Department of Medicine, University of Tennessee Health Science Center, Memphis, TN 38163, United States.
Department of Medicine, University of Tennessee Health Science Center, Memphis, TN 38163, United States; Microbiology-Immunology-Biochemistry, University of Tennessee Health Science Center, Memphis, TN 38163, United States; Research Service, Veterans Affairs Medical Center, Memphis, TN 38104, United States.
Clin Immunol. 2018 Jul;192:50-57. doi: 10.1016/j.clim.2018.04.007. Epub 2018 Apr 16.
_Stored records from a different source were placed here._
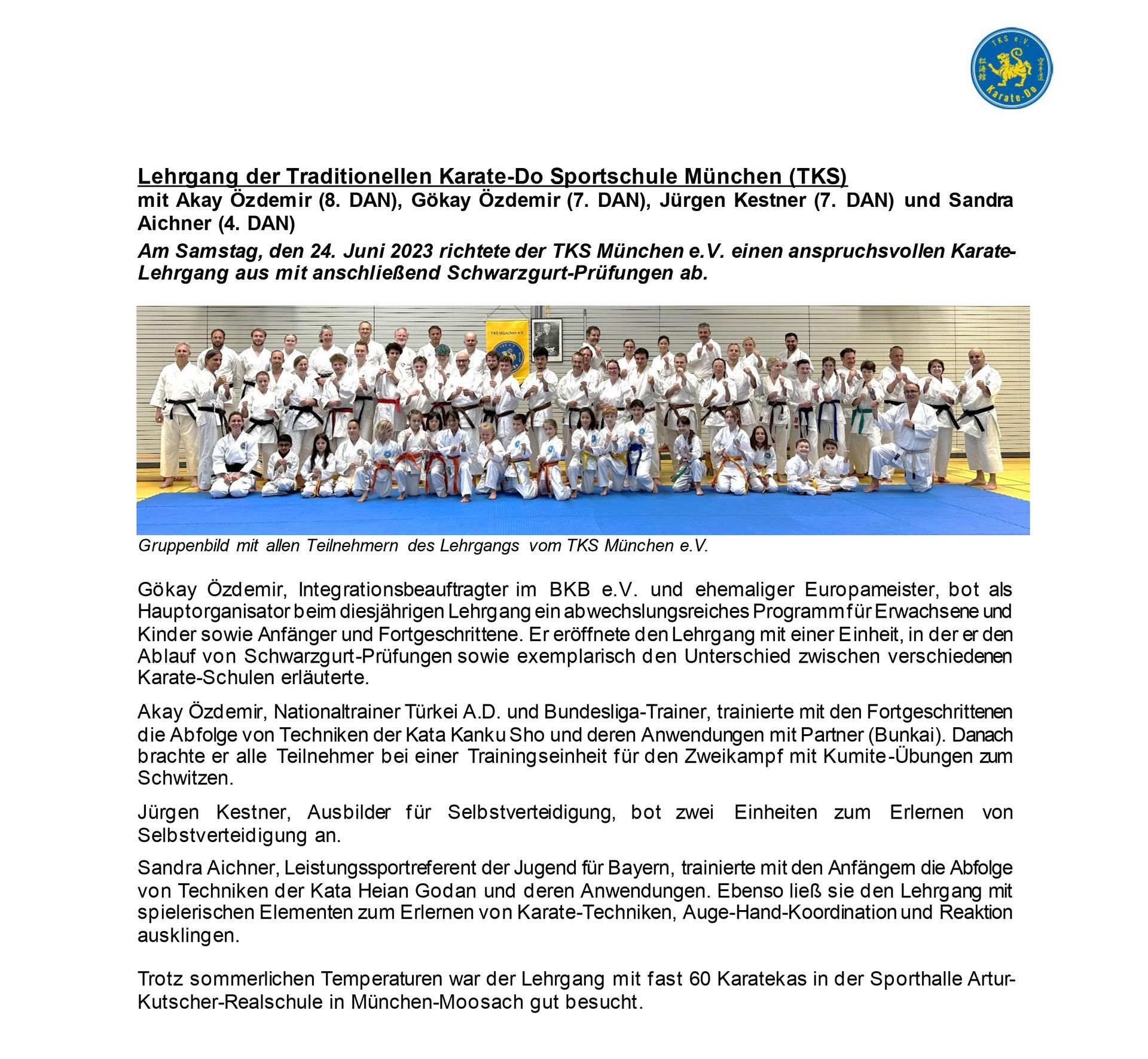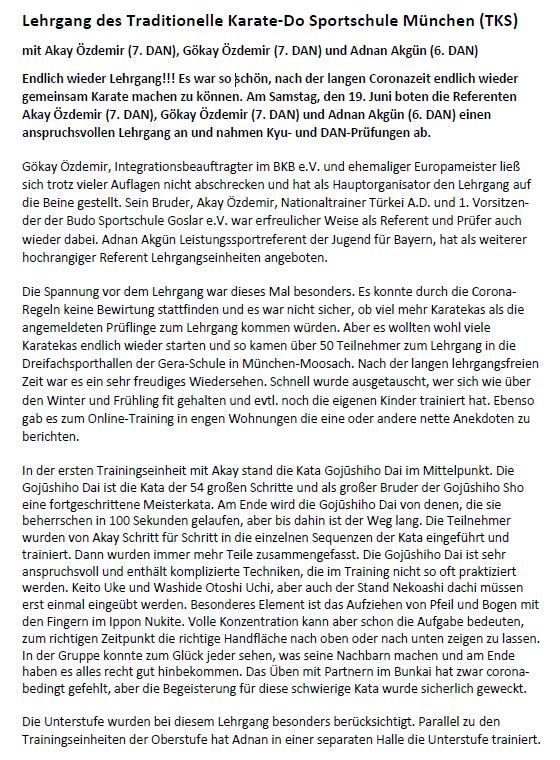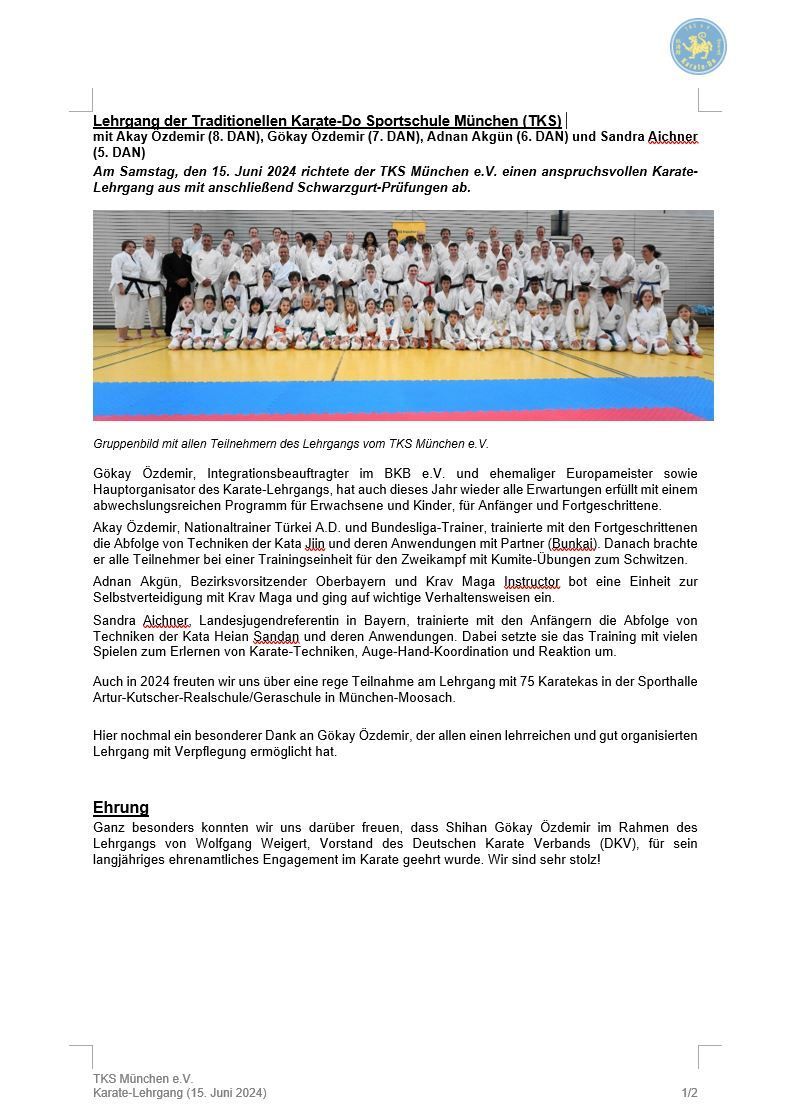 Karate-Lehrgang TKS München am 28.06.2025
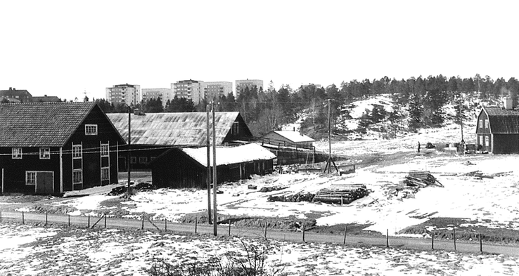 Bo gård med Näset i bakgrunden. Foto: Sten Schüssler 1961
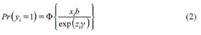 Donde y¡ , i = 1,2,..., N, es el resultado binario del estado de la operación de las empresas, tomando valor 1 si la empresa i manifiesta suspender-cerrar su actividad productiva; y cero en caso contrario; x¡ es la combinación lineal de las variables regresoras; y Φ es la función de distribución acumulada (CDF, por sus siglas en inglés) normal, con varianza en función de las regresoras heterocedásticas.
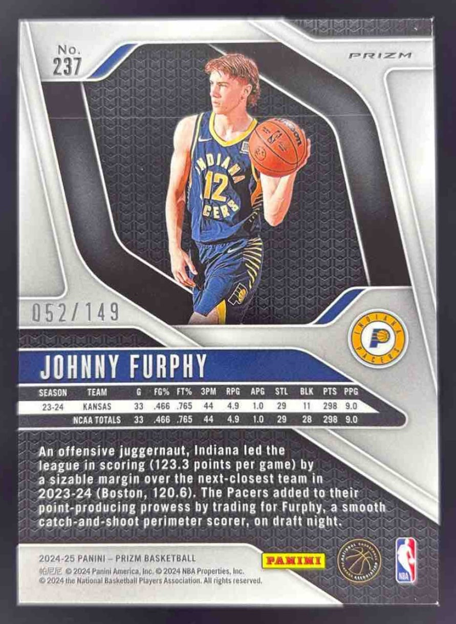 2024-25 Panini Prizm Purple Ice Prizm #237 Johnny Furphy RC /149

The aim of this study was to understand how Syk affects peripheral T cell function. T cells from Syk chimeric mice and DR1 Syk CD4 conditional mice gave strong CD3-induced Th1, Th2, and Th17 cytokine responses. However, an altered peptide ligand (APL) of human CII (256-276) with two substitutions (F263N, E266D), also called A12, elicited only Th2 cytokine responses from Syk T cells but not SykCD4 T cells. Western blots revealed a marked increase in the phosphorylation of Syk, JNK and p38 upon A12/DR1 activation in WT or Syk T cells but not in SykCD4 cells. We demonstrate that Syk is required for the APL- induction of suppressive cytokines. Chemical Syk inhibitors blocked activation of GATA-3 by peptide A12/DR1. In conclusion, this study provides novel insights into the role that Syk plays in directing T cell activity, and may shape therapeutic approaches for autoimmune diseases.
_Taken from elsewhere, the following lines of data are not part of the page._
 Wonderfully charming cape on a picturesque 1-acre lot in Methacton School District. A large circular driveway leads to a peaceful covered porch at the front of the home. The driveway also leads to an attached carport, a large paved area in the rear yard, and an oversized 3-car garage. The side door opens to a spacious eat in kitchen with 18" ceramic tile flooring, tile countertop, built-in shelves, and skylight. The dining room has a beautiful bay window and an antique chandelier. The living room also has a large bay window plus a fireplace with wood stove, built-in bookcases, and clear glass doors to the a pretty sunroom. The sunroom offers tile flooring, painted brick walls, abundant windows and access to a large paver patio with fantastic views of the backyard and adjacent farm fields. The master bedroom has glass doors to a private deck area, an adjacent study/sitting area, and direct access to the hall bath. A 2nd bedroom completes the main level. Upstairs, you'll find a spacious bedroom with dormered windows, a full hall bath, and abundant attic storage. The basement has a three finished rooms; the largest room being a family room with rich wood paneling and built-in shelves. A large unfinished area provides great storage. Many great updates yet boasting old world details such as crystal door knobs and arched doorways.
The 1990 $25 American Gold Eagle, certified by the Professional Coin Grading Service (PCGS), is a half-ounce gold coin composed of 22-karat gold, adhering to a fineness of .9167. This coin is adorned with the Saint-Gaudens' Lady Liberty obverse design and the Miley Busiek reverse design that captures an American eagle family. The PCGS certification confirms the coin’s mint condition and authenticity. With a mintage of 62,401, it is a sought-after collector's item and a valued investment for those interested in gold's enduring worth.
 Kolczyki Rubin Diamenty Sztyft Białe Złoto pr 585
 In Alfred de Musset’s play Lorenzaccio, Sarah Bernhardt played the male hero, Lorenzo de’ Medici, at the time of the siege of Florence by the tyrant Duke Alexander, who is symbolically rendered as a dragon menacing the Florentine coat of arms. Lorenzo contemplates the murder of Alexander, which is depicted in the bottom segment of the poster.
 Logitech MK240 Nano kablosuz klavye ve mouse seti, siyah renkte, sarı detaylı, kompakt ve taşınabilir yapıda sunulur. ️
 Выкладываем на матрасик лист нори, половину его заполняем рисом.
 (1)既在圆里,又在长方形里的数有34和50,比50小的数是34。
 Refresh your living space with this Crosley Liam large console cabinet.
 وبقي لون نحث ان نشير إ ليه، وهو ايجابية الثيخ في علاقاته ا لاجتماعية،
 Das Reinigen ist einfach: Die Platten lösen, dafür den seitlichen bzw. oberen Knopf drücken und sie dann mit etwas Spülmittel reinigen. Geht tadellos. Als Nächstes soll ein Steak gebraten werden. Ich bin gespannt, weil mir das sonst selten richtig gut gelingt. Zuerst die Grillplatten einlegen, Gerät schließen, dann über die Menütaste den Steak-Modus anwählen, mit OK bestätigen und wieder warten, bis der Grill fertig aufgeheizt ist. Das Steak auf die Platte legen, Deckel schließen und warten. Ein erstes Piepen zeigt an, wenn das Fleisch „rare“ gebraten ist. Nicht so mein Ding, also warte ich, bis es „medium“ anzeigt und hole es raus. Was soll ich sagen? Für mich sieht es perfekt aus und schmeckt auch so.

本研究旨在了解 Syk 如何影响外周 T 细胞功能。Syk 嵌合小鼠和 DR1 Syk CD4 条件性敲除小鼠的 T 细胞产生了强烈的 CD3 诱导的 Th1、Th2 和 Th17 细胞因子反应。然而,一种人 CII(256-276)的变构肽配体(APL),具有两个取代(F263N、E266D),也称为 A12,仅从 Syk T 细胞而非 SykCD4 T 细胞中诱导出 Th2 细胞因子反应。Western blot 显示,在 WT 或 Syk T 细胞中,A12/DR1 激活后,Syk、JNK 和 p38 的磷酸化明显增加,但在 SykCD4 细胞中则没有。我们证明 Syk 是 APL 诱导抑制性细胞因子所必需的。化学 Syk 抑制剂阻断了肽 A12/DR1 对 GATA-3 的激活。总之,本研究为 Syk 在指导 T 细胞活性方面的作用提供了新的见解,并可能为自身免疫性疾病的治疗方法提供指导。